Khandie’s Kholumn Part Six: Khandie on Khorsets
For some women it’s shoes, for others it’s handbags – for me it’s corsets. Corsets, corsets and more corsets!
Now I am not talking some flimsy boned piece of cotton contraption bought from some dodgy lingerie shop. I am talking full steel boning, as tight lacing as possible and, if I can afford it, custom made. The best I can afford darling (I can hear the bank Manager wincing already). Once you have had a custom made corset, it is near impossible to want any other. I blame you Lacing Lilith for that! (I love you!)
I have a few of these lovely, crafted, curvy, enhancing creations. But like an addict I need more and just cant get enough. My thirst for more has never diminished, and even though the credit crunch is hanging over us I could not stop myself adding two more this month to my collection. Sod it – so I don’t get the car serviced this month, and the new microwave – who cares right?!

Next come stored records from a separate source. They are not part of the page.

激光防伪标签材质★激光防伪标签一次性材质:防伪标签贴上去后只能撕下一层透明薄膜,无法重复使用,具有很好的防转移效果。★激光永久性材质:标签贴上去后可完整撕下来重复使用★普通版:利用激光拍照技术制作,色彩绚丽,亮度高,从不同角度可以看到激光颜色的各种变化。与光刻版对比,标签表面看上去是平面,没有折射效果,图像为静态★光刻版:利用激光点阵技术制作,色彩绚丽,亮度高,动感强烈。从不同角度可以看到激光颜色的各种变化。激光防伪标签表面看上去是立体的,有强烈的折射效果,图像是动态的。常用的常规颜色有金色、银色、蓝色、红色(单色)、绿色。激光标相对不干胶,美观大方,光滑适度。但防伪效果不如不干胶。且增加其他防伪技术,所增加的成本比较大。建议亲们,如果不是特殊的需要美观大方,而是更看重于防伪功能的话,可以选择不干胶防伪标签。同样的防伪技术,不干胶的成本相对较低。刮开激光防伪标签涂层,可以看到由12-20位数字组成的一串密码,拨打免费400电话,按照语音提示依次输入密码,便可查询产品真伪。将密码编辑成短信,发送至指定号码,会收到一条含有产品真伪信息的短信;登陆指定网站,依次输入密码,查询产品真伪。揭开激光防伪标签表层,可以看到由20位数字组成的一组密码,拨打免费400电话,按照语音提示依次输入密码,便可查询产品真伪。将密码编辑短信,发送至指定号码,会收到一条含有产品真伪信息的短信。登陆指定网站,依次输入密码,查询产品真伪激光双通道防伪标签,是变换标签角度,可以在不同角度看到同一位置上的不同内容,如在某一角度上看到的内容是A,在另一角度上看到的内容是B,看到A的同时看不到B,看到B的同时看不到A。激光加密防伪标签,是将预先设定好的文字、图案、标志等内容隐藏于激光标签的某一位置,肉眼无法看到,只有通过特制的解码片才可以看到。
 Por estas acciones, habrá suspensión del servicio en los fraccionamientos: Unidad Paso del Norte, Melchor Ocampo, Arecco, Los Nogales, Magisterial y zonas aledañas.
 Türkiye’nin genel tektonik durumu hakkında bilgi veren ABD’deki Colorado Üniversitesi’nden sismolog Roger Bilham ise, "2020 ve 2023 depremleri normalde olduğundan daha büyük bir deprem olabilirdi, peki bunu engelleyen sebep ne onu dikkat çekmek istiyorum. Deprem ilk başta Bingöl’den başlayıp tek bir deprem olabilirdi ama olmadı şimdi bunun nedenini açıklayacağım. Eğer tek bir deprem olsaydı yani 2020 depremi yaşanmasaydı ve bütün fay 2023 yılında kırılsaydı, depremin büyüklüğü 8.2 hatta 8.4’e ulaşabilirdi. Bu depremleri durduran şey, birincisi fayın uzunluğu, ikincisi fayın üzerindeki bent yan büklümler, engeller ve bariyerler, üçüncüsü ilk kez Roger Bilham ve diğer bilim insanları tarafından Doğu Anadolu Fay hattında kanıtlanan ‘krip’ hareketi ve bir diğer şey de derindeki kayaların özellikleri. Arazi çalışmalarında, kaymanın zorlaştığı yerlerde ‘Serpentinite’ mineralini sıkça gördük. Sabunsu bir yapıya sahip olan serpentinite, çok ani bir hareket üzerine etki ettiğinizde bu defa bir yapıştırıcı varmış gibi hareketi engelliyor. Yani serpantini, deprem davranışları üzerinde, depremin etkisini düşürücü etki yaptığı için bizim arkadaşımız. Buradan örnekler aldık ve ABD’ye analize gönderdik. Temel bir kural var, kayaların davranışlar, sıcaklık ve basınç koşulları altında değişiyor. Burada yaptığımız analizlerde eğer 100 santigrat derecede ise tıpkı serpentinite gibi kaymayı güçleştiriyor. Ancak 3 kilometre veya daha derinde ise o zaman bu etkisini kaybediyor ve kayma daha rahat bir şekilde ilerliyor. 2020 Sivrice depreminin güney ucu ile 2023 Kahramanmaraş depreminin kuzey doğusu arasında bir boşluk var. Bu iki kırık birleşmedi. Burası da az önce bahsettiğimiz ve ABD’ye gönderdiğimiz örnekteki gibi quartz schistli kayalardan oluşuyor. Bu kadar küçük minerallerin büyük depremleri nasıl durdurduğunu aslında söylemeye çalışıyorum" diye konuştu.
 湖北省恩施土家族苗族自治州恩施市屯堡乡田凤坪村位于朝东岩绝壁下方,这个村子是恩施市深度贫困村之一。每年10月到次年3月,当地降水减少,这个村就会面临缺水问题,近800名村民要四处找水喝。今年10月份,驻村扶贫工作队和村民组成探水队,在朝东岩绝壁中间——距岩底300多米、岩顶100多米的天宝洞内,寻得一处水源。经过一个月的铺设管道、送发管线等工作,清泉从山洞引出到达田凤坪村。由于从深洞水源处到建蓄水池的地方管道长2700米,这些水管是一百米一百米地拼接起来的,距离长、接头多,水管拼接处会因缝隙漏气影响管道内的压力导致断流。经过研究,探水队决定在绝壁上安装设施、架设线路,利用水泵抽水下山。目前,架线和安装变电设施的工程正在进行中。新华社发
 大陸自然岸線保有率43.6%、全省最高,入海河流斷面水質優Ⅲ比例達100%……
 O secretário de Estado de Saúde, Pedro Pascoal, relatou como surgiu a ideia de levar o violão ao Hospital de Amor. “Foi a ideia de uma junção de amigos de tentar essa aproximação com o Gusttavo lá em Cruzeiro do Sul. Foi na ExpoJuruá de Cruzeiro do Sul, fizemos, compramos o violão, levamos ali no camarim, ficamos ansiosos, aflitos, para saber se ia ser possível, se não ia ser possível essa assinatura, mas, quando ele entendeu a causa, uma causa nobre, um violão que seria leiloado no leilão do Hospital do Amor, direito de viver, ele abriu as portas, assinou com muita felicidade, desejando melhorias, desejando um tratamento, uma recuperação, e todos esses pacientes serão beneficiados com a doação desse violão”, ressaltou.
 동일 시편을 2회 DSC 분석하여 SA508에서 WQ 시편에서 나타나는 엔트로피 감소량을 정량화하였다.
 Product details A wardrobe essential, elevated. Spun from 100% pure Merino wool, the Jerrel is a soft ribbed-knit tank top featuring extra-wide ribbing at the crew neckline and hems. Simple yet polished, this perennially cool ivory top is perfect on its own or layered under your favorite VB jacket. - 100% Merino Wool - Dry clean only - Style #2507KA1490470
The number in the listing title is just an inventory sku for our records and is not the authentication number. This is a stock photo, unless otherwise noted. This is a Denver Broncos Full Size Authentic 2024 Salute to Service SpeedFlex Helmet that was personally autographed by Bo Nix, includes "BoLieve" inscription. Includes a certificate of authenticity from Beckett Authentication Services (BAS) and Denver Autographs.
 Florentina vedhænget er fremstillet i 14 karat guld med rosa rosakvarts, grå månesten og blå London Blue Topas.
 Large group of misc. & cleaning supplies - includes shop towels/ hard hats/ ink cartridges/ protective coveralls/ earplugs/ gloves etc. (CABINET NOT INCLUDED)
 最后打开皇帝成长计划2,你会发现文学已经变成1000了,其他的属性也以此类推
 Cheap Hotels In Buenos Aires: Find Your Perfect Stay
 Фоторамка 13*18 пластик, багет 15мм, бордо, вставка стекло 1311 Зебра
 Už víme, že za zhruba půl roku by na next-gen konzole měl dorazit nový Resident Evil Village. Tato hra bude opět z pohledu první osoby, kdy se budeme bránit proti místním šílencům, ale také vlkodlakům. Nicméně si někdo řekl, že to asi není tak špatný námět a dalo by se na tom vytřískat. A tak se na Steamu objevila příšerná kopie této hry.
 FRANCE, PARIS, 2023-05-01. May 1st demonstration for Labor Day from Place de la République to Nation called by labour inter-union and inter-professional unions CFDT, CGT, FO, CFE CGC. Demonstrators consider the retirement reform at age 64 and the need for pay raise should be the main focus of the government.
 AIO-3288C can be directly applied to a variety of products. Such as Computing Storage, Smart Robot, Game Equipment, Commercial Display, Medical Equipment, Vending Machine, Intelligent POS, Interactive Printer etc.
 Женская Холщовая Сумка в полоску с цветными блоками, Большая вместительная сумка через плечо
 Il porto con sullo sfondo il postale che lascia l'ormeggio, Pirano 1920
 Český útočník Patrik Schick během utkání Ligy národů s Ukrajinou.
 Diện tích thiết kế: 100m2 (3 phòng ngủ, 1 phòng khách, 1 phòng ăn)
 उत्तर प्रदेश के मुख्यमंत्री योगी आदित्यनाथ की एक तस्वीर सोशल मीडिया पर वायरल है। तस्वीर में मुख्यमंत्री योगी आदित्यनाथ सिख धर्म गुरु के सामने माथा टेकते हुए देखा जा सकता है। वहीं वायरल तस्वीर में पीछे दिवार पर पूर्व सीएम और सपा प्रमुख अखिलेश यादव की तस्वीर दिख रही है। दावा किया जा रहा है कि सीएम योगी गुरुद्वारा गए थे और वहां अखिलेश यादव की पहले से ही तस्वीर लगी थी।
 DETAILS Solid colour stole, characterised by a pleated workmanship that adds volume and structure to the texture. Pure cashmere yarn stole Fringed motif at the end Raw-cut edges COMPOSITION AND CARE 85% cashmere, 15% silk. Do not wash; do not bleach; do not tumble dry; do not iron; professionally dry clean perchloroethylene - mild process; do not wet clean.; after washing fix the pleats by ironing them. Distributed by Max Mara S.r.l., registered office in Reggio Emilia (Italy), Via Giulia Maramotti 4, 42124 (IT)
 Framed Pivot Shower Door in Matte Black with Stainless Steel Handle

“I am not talking some flimsy boned piece of cotton contraption bought from some dodgy lingerie shop. I am talking full steel boning, as tight lacing as possible and, if I can afford it, custom made.”
Ok, so my priorities should be re-evaluated, but I can’t help myself. Is there a corset rehab programme? Perhaps I should contact the celeb favourite The Priory and find out! ‘Hello my name is Khandie, and I am addicted to…corsets!’ Nah doesn’t seem to be that severe – what with all the celebrity burn out sufferers and the sex addicts. (Now, now Khandie! Let’s not be mean!)
It gripes me no end though when I see people attempting to sell poorly made corsets with crappy boning and poor fabric. I was at a recent trade show and came across some that were, at best, basques, but swayed mainly towards the more rubbish end of the corset scale. The fabric made my skin crawl – scratchy and full of imperfections, the flimsy fastening clearly not fitted. So why was it that the boutique was full of costumers? Could it be that the credit crunch has taken hold of us all and we are sacrificing quality goods in order to save money? But don’t you see – the logic is not right here girls?!
You spend £20 or so on a piece of tat masquerading as a corset, wear it a few times before the material tears, the bones start poking out; and before you know it, you don’t have a corset. So you go buy another one…and another one… Before you know it, you have spent more money on tatty ones than it would cost to buy a good solid decent corset. You see my dears, it doesn’t matter how long it takes for you to save for that special corset, because the moment you cinch yourself into it and feel the constriction, you realise that this is money so very well spent.
A good corset will see you through.
I have a second generation Velda Lauder corset that was passed to me from my mother, and it as perfect as the day she bought it.
A good corset doesn’t have to cost the earth but it does have to feel good!